Objective. Atypical odontalgia (AO), a subform of persistent idiopathic facial pain, is defined as a continuous toothache in which a thorough examination reveals no dental pathology. AO is believed to be a neuropathic condition, given that some cases are preceded by dental procedures. Different topical and systemic medications have been used for the treatment of AO, but their effect is often unsatisfactory. The authors aimed to assess the effect and safety of botulinum neurotoxin type-A (BoNTA) in a series of patients with AO.

Methods. Four patients with refractory AO (2 males and 2 females, aged 31–72) were treated with local injections of BoNTA to the painful area. BoNTA was injected at various sites into the gums, and two patients had additional injections in the hard palate or the upper lip. The total dose of BoNTA for each procedure was 15–30 U, and the total number of injection points was 6–12. The follow-up ranged from 6 to 20 months. Two patients received two cycles of BoNTA, while the remaining patients received three and five cycles each, respectively.
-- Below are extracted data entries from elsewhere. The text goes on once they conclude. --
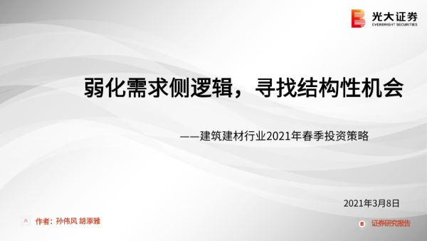 【光大证券】【20210308】建筑建材行业2021年春季投资策略:弱化需求侧逻辑,寻找结构性机会-35页 行业研究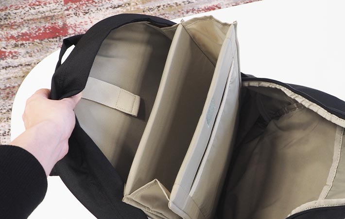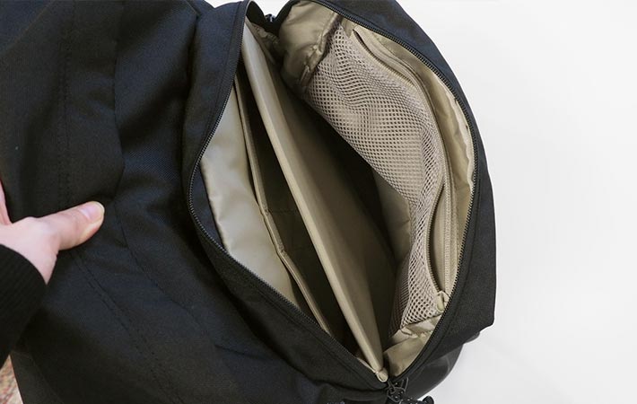 開いてみると、パッド入りスリーブやメッシュポケットなどがあり、荷物が迷子になりにくい設計です。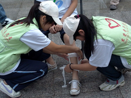 为纪念唐山大地震三十周年,共青团东莞市委员会、东莞市地震局、东莞市青年志愿者协会、东莞市卫生局团委、东莞理工学院团委在东莞理工学院松山湖校区共同举行东莞市志愿者服务队成立授旗仪式和地震应急医疗救护演练。我院12名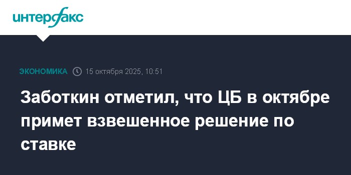 Москва. 15 октября. INTERFAX.RU - Совет директоров Банка России на очередном заседании по ставке в октябре примет взвешенное решение по ключевой ставке, исходя из всех поступивших к тому моменту данных, заявил зампред ЦБ РФ Алексей Заботкин на заседании совместной рабочей группы в Госдуме.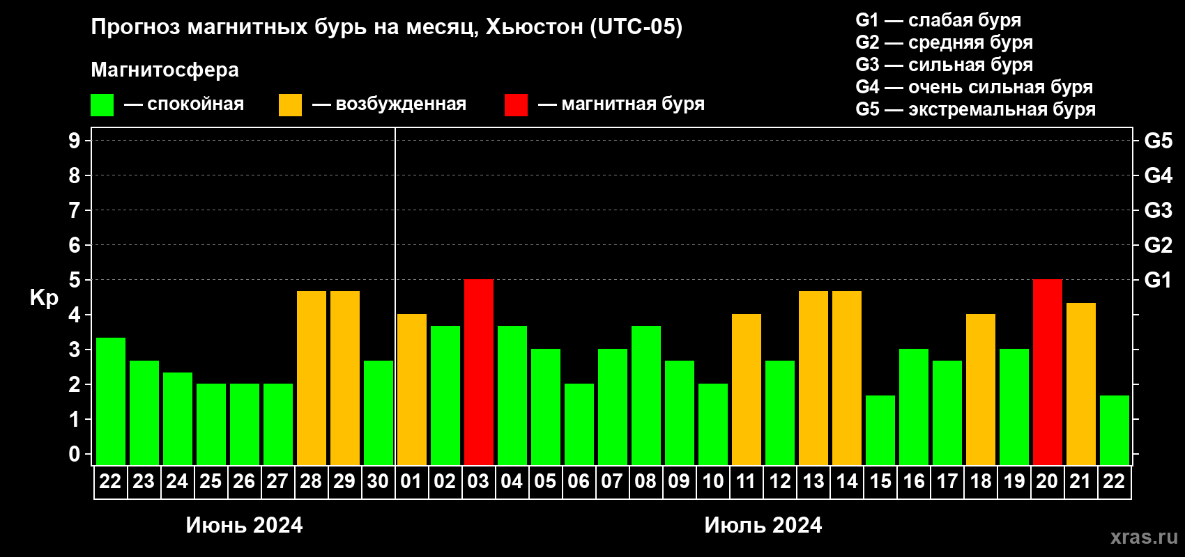 Прогноз магнитных бурь в Хьюстоне на 22 июня 2024 года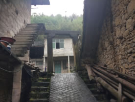 “童家湾”当然是我们童家居住的地方。在细雨霏霏中我们一路前行。古道班驳支离似在迎接迟到的晚生后人,残垣颓墙诉说着往是而今非。进入童家大院,大大的院坝,己不再属于童家的院落,精美的雕饰,有些倾斜的大朝门……这里曾是三百人济济一堂的大家子,这里曾是集各行各业于一院自给自足的大乐园……往境已不再,往事难述说。一只不知名的小鸟飞过,不由心有伤悲:旧时童家堂前燕,飞向哪里才是家……

Results. All patients obtained significant relief with complete or almost complete reduction of pain. The analgesic effect was apparent after a latency period of 3–14 days, and the effect persisted for 2–6 months. There were no adverse events reported from any of the interventions.

Conclusions. The responses to BoNTA injections in this series agree with those previously observed in neuropathic pain. BoNTA injections may be a safe and effective option for the treatment of AO.